Action item >> Restate the data exactly as given and keep the pictures out.

Data supplied >>
____________________
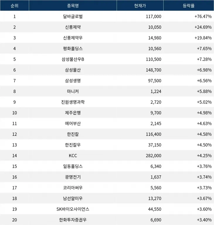 이어 상승률 2위 신풍제약(019170)은 현재가 10,050원으로 주가가 24.69% 폭등하고 있다. 상승률 3위 신풍제약우(019175)는 현재 14,980원으로 19.84% 급등하며 두각을 나타내고 있다. 상승률 4위 평화홀딩스(010770)는 7.65% 상승하며 10,560원에 거래되고 있다. 상승률 5위 삼성물산우B(02826K)는 7.28%의 상승세를 타고 110,500원에 거래되고 있다.
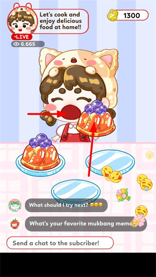 3、完成果凍制作后,角色會品嘗果凍,同時界面會出現觀眾的互動留言,可查看相關反饋,積累直播熱度。
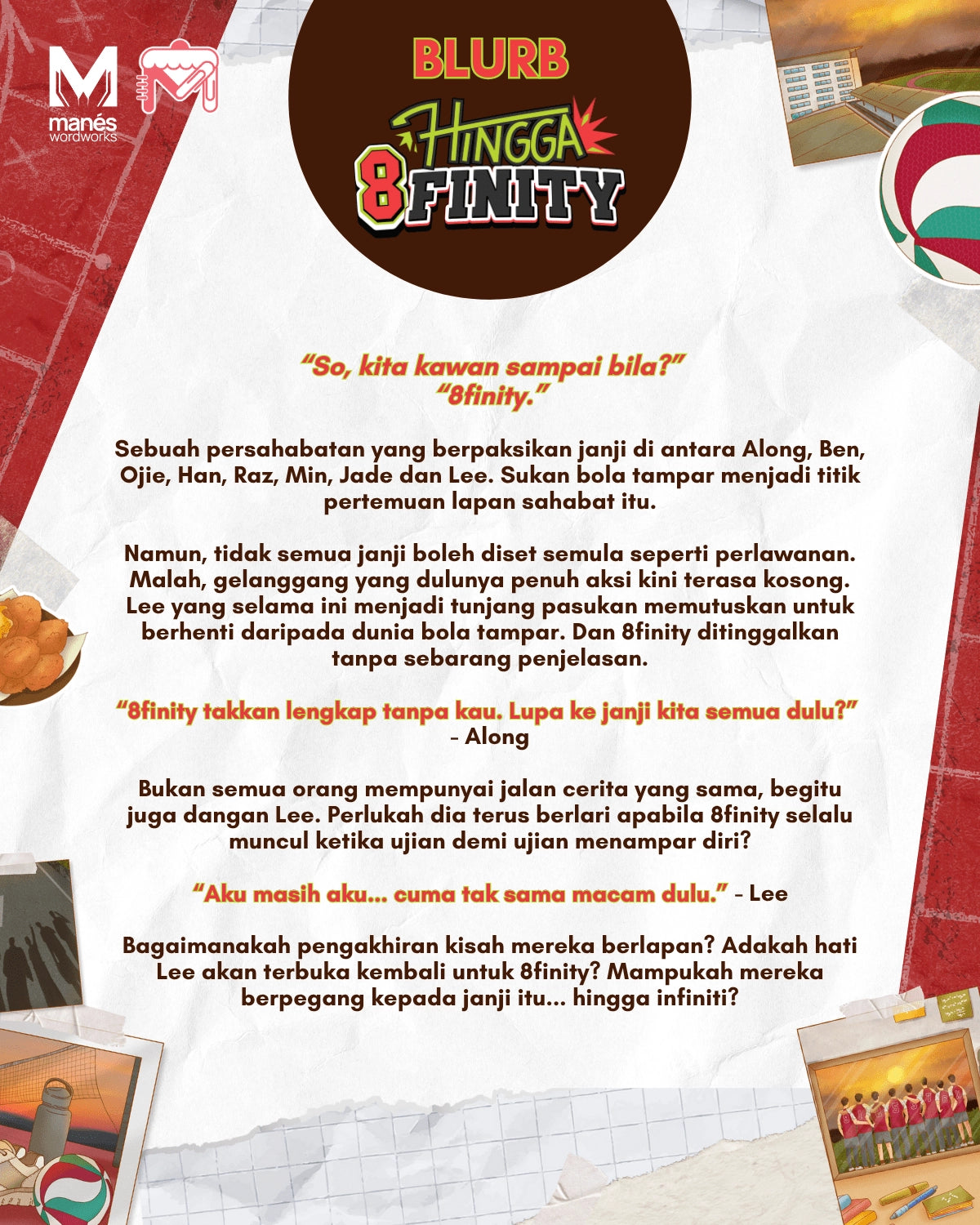 “So, kita kawan sampai bila?” “8finity.” Sebuah persahabatan yang berpaksikan janji di antara Along, Ben, Ojie, Han, Raz, Min, Jade dan Lee. Sukan bola tampar menjadi titik pertemuan lapan sahabat itu. Namun, tidak semua janji boleh diset semula seperti perlawanan. Malah gelanggang yang dulunya penuh aksi kini terasa kosong. Lee yang selama ini menjadi tunjang pasukan memutuskan untuk berhenti daripada dunia bola tampar. Dan 8finity ditinggalkan tanpa sebarang penjelasan. “8finity takkan lengkap tanpa kau. Lupa ke janji kita semua dulu?” – Along Bukan semua orang mempunyai jalan cerita yang sama, begitu juga dengan Lee. Perlukah dia terus berlari apabila 8finity selalu muncul ketika ujian demi ujian menampar diri? “Aku masih aku... cuma tak sama macam dulu.” – Lee Bagaimanakah pengakhiran kisah mereka berlapan? Adakah hati Lee akan terbuka kembali untuk 8finity? Mampukah mereka berpegang kepada janji itu... hingga infiniti? Kata Editor: Hingga 8finity merupakan sebuah naskhah segar untuk sebuah pengalaman penuh nostalgik. Menyuntingnya, menyeronokkan. Membacanya, bittersweet. – Pingu Toha, Editor
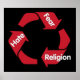 Gerecycelt Symbol zeigt, wie Hass zu Angst und Angst führt zu Religion und Religion zu Hass führt. Es ist ein Teufelskreis von gemeinem, der nur durchbrochen werden kann, wenn man lernt, für sich selbst zu denken.
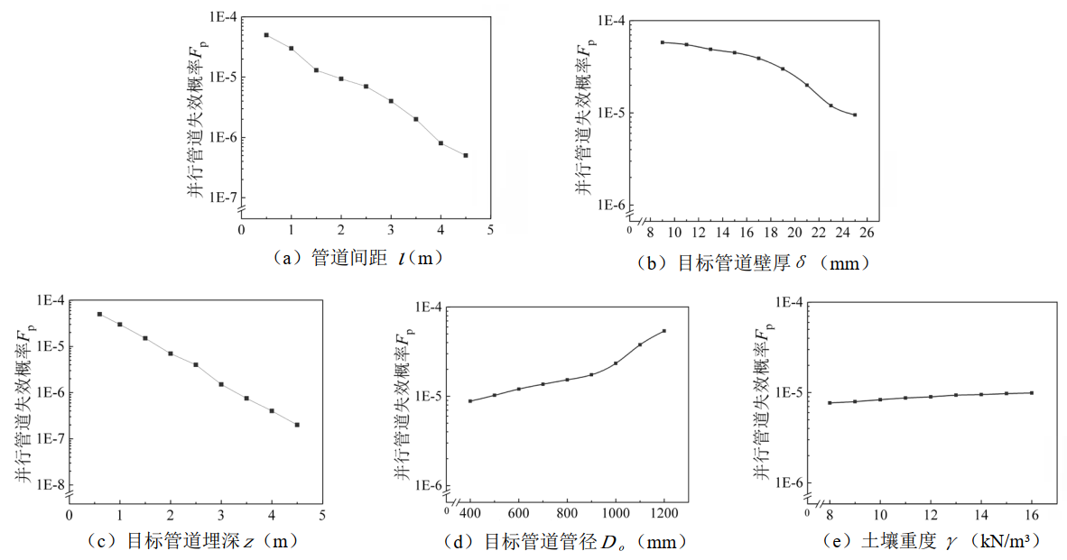 (1)并行管道设计阶段,各参数对并行管道失效概率影响程度从大到小依次为管道水平间距、土壤埋深、管道壁厚、管道内径、土壤重度。
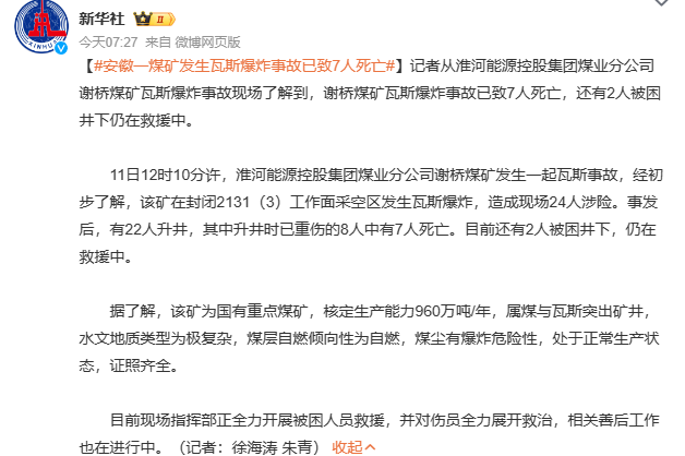 3月11日12時(shí)10分,安徽省淮河能源控股集團(tuán)煤業(yè)分公司謝橋煤礦發(fā)生一起瓦斯事故,經(jīng)初步了解,該礦在封閉2131(3)工作面采空區(qū),發(fā)生瓦斯爆炸,造成現(xiàn)場24人涉險(xiǎn),事發(fā)后,有22人升井,其中升井時(shí)已重傷的8人中有7人死亡,目前還有2人被困井下,仍在救援中.
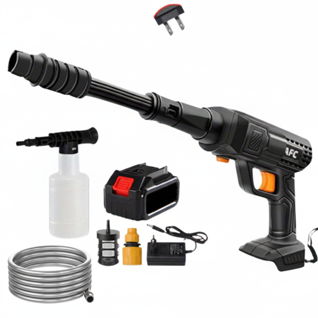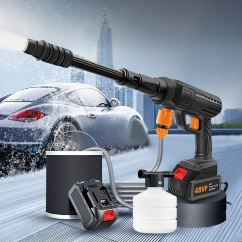 Ten pistolet do czyszczenia pod wysokim ciśnieniem oferuje skuteczną moc w kompaktowej i lekkiej formie. Bezprzewodowy i łatwy w obsłudze, pozwala na szybkie czyszczenie samochodów, tarasów, rowerów i wielu innych rzeczy. Zaprojektowany, aby być praktycznym i wytrzymałym, staje się twoim niezbędnym sojusznikiem w bezwysiłkowej konserwacji.
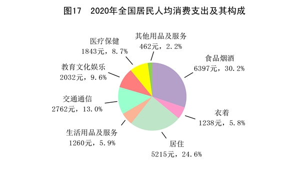 全年全国居民人均消费支出21210元,比上年下降1.6%,扣除价格因素,实际下降4.0%。其中,人均服务性消费支出[49]9037元,比上年下降8.6%,占居民人均消费支出的比重为42.6%。按常住地分,城镇居民人均消费支出27007元,下降3.8%,扣除价格因素,实际下降6.0%;农村居民人均消费支出13713元,增长2.9%,扣除价格因素,实际下降0.1%。全国居民恩格尔系数为30.2%,其中城镇为29.2%,农村为32.7%。
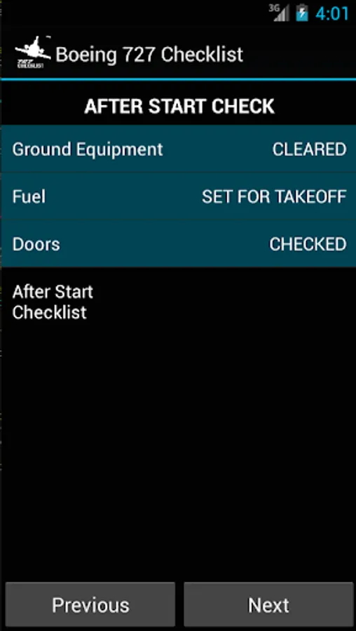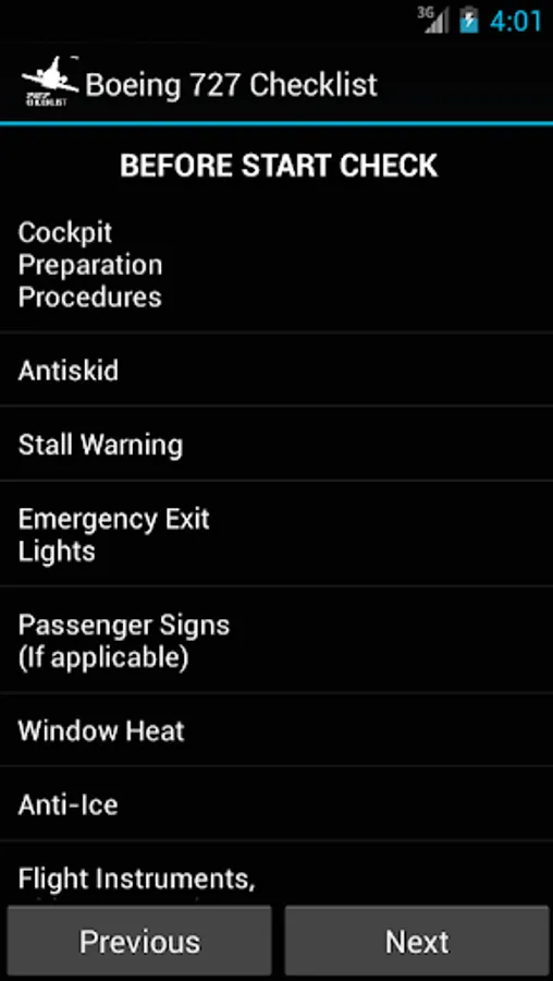 This app helps you to follow the standard checklist procedures in B727 cockpit.
____________________
Task answer >>
 이어 상승률 2위 신풍제약(019170)은 현재가 10,050원으로 주가가 24.69% 폭등하고 있다. 상승률 3위 신풍제약우(019175)는 현재 14,980원으로 19.84% 급등하며 두각을 나타내고 있다. 상승률 4위 평화홀딩스(010770)는 7.65% 상승하며 10,560원에 거래되고 있다. 상승률 5위 삼성물산우B(02826K)는 7.28%의 상승세를 타고 110,500원에 거래되고 있다.
 3、完成果凍制作后,角色會品嘗果凍,同時界面會出現觀眾的互動留言,可查看相關反饋,積累直播熱度。
 “So, kita kawan sampai bila?” “8finity.” Sebuah persahabatan yang berpaksikan janji di antara Along, Ben, Ojie, Han, Raz, Min, Jade dan Lee. Sukan bola tampar menjadi titik pertemuan lapan sahabat itu. Namun, tidak semua janji boleh diset semula seperti perlawanan. Malah gelanggang yang dulunya penuh aksi kini terasa kosong. Lee yang selama ini menjadi tunjang pasukan memutuskan untuk berhenti daripada dunia bola tampar. Dan 8finity ditinggalkan tanpa sebarang penjelasan. “8finity takkan lengkap tanpa kau. Lupa ke janji kita semua dulu?” – Along Bukan semua orang mempunyai jalan cerita yang sama, begitu juga dengan Lee. Perlukah dia terus berlari apabila 8finity selalu muncul ketika ujian demi ujian menampar diri? “Aku masih aku... cuma tak sama macam dulu.” – Lee Bagaimanakah pengakhiran kisah mereka berlapan? Adakah hati Lee akan terbuka kembali untuk 8finity? Mampukah mereka berpegang kepada janji itu... hingga infiniti? Kata Editor: Hingga 8finity merupakan sebuah naskhah segar untuk sebuah pengalaman penuh nostalgik. Menyuntingnya, menyeronokkan. Membacanya, bittersweet. – Pingu Toha, Editor
 Gerecycelt Symbol zeigt, wie Hass zu Angst und Angst führt zu Religion und Religion zu Hass führt. Es ist ein Teufelskreis von gemeinem, der nur durchbrochen werden kann, wenn man lernt, für sich selbst zu denken.
 (1)并行管道设计阶段,各参数对并行管道失效概率影响程度从大到小依次为管道水平间距、土壤埋深、管道壁厚、管道内径、土壤重度。
 3月11日12時(shí)10分,安徽省淮河能源控股集團(tuán)煤業(yè)分公司謝橋煤礦發(fā)生一起瓦斯事故,經(jīng)初步了解,該礦在封閉2131(3)工作面采空區(qū),發(fā)生瓦斯爆炸,造成現(xiàn)場24人涉險(xiǎn),事發(fā)后,有22人升井,其中升井時(shí)已重傷的8人中有7人死亡,目前還有2人被困井下,仍在救援中.
 Ten pistolet do czyszczenia pod wysokim ciśnieniem oferuje skuteczną moc w kompaktowej i lekkiej formie. Bezprzewodowy i łatwy w obsłudze, pozwala na szybkie czyszczenie samochodów, tarasów, rowerów i wielu innych rzeczy. Zaprojektowany, aby być praktycznym i wytrzymałym, staje się twoim niezbędnym sojusznikiem w bezwysiłkowej konserwacji.
 全年全国居民人均消费支出21210元,比上年下降1.6%,扣除价格因素,实际下降4.0%。其中,人均服务性消费支出[49]9037元,比上年下降8.6%,占居民人均消费支出的比重为42.6%。按常住地分,城镇居民人均消费支出27007元,下降3.8%,扣除价格因素,实际下降6.0%;农村居民人均消费支出13713元,增长2.9%,扣除价格因素,实际下降0.1%。全国居民恩格尔系数为30.2%,其中城镇为29.2%,农村为32.7%。
 This app helps you to follow the standard checklist procedures in B727 cockpit.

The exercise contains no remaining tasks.